Завьялов уже решил было, что все кончено с Лютиковым, и тут заметил, как крохотная точка отделилась от падающего самолета и над ней раскрылся белый купол парашюта.
Нет, тогда Завьялов не думал о старшем лейтенанте Воронине, командире эскадрильи, в которой служила Оля. Только потом, когда, измученный, голодный, часто теряя сознание, Завьялов лежал в теплой болотной воде, потом шел, потом полз, продираясь сквозь лесную чащу, он внушил себе, что сознательно повторил то, что когда-то сделал Воронин и о чем восхищенно рассказывала ему Оля.
А в те мгновения он думал только о своем летчике, двадцатилетнем парне, три месяца назад прибывшем к нему в эскадрилью прямо из авиашколы. Его надо было спасти во что бы то ни стало, любыми средствами. Он дал кран шасси на выпуск, и слух его автоматически отметил знакомый стук, он ощутил привычный толчок и увидел, как одновременно зажглись зеленые лампочки, регистрирующие выпуск шасси.
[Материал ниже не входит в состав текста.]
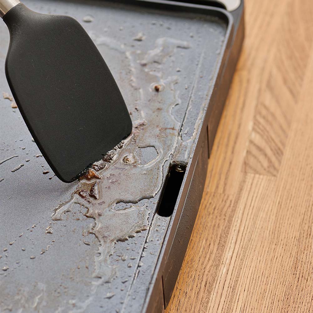 プレートの端には油を逃せる穴が開いています。余分な油を落とせるのですっきり、きれいに焼き続けられます。

Завьялов осознал, что он делает, только после того, как его самолет коснулся колесами земли. Лютиков, сильно прихрамывая, бежал ему навстречу — видимо, он был ранен в ногу или повредил ее, когда приземлился.
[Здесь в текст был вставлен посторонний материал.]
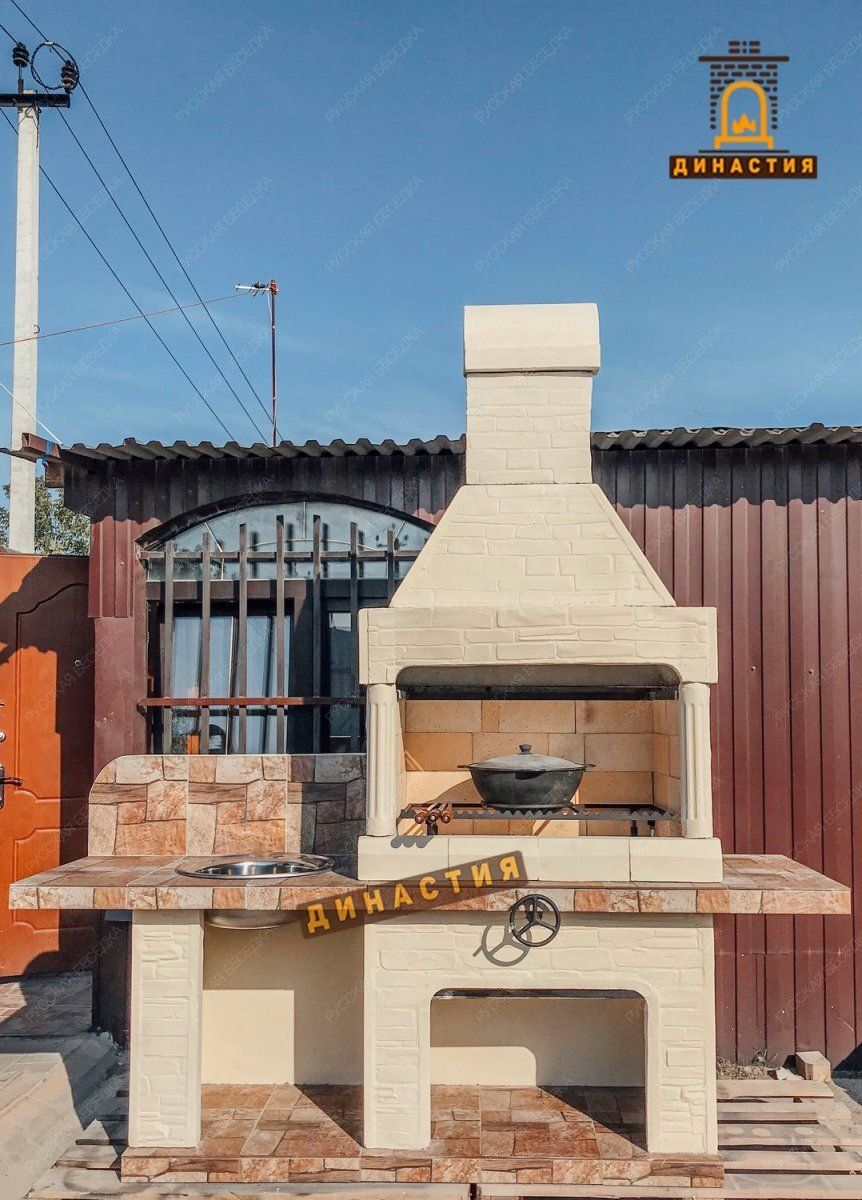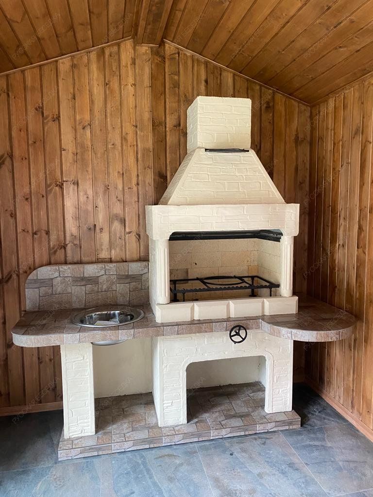 На одном крыле уличной печи-барбекю есть возможность для установки полноценной раковины с дополнительным свободным краем столешницы. На ней можно готовить, ставить помытую или грязную посуду. Внизу, под раковиной, тоже есть свободное пространство для хранения подручных средств или овощей, а также для установки мусорного ведра — вы можете выбирать свой вариант.

В тот же момент Завьялов увидел остановившуюся на дороге немецкую автомашину, выскакивающих из кустов солдат и услышал звуки выстрелов, свист пуль. Немцы приближались к поляне. Но Лютиков все-таки добежал до самолета и уже карабкался по крылу. Тогда Завьялов начал разбег, чтобы взлететь. И вдруг почувствовал страшный толчок, очевидно, не заметил ямы или надолбы, скрытой травой.
Завьялову повезло, как везет только один раз из тысячи. Он получил удар в голову, его выбросило из самолета, но он не потерял сознания, кинулся в лес. Уже за спиной он услышал взрыв, заглушивший автоматную стрельбу…
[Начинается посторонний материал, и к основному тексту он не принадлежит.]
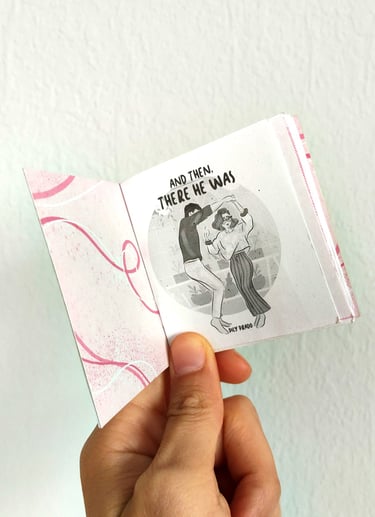 Is an original illustrated book I created for my partner as an anniversary gift. Itās a personal project that tells the story of how we met and everything that came after.

Ушел от преследования. Как? И сам не знает. Может быть, взрывом оглушило подбежавших немцев, часть перебило. Ему повезло. Он бежал, карабкался, продирался сквозь стену хвойного леса, попал в болото, потерял сознание. Потом очнулся…
Нет, раньше он не думал о Воронине. Не думал… Но кто знает! Может быть, мысль о подвиге комэска, воспоминание о нем жило в подсознании Завьялова, когда он дал кран шааси на выпуск.
Но ему не удалось повторить подвиг Воронина. Не удалось спасти товарища. И тогда, волоча свое тело по лесным волховским топям, снова и снова теряя сознание, Завьялов в первый раз подумал: «Хорошо, что Оля никогда не узнает, как позорно, как бесславно кон-кончаю я свою жизнь».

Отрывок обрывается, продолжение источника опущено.